--- DATA FOR THE TASK Enclosed Below ---

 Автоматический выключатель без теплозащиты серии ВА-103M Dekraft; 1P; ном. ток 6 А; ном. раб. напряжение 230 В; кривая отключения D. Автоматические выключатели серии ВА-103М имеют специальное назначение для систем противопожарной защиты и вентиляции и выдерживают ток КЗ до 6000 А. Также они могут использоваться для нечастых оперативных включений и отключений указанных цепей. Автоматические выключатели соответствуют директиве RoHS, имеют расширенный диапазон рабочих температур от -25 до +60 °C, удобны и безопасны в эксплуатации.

--- End of Enclosed DATA FOR THE TASK ---
--- DATA FOR THE TASK Enclosed Below ---

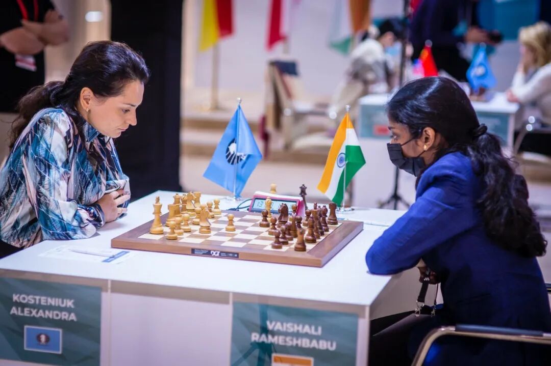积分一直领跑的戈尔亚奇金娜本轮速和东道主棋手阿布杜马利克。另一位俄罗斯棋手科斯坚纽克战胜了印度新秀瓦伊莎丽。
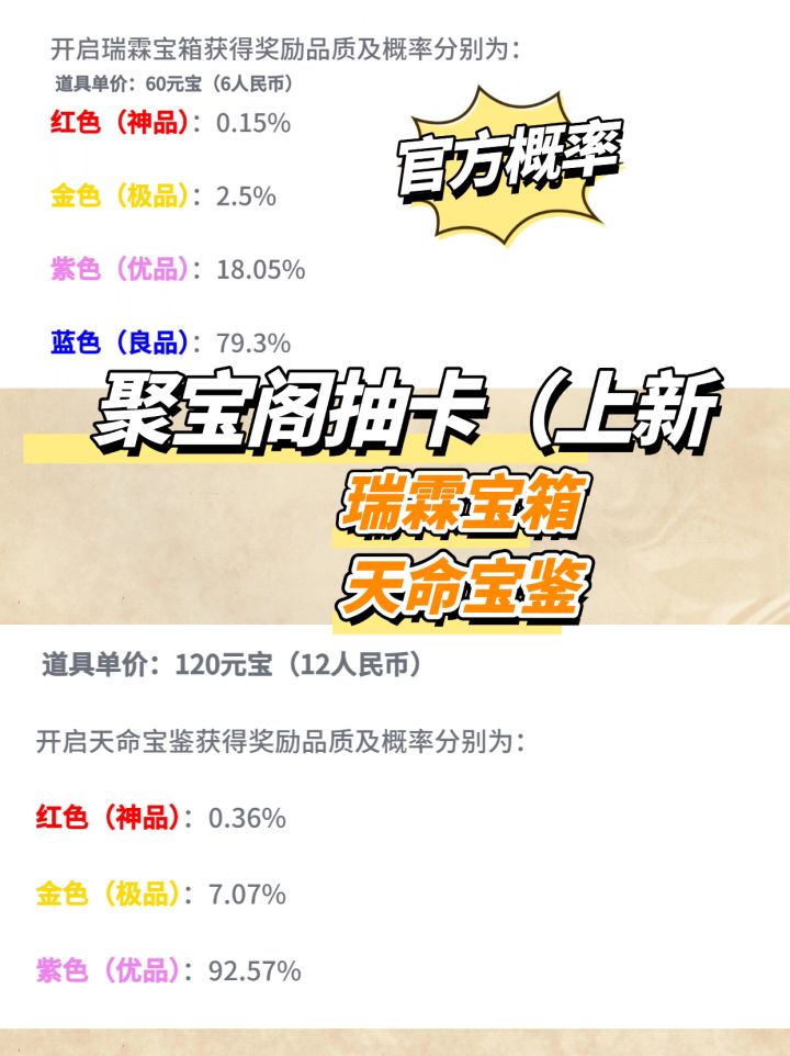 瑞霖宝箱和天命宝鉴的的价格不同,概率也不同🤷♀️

--- End of Enclosed DATA FOR THE TASK ---

Looking at the listing above, which lines run from the one containing "积分一直领跑的戈尔亚奇金娜本" through the one containing "瑞霖宝箱和天命宝鉴的的价格不同,概率也不同🤷♀️"? Print exactly those, ends included, pictures excluded.

积分一直领跑的戈尔亚奇金娜本轮速和东道主棋手阿布杜马利克。另一位俄罗斯棋手科斯坚纽克战胜了印度新秀瓦伊莎丽。
 瑞霖宝箱和天命宝鉴的的价格不同,概率也不同🤷♀️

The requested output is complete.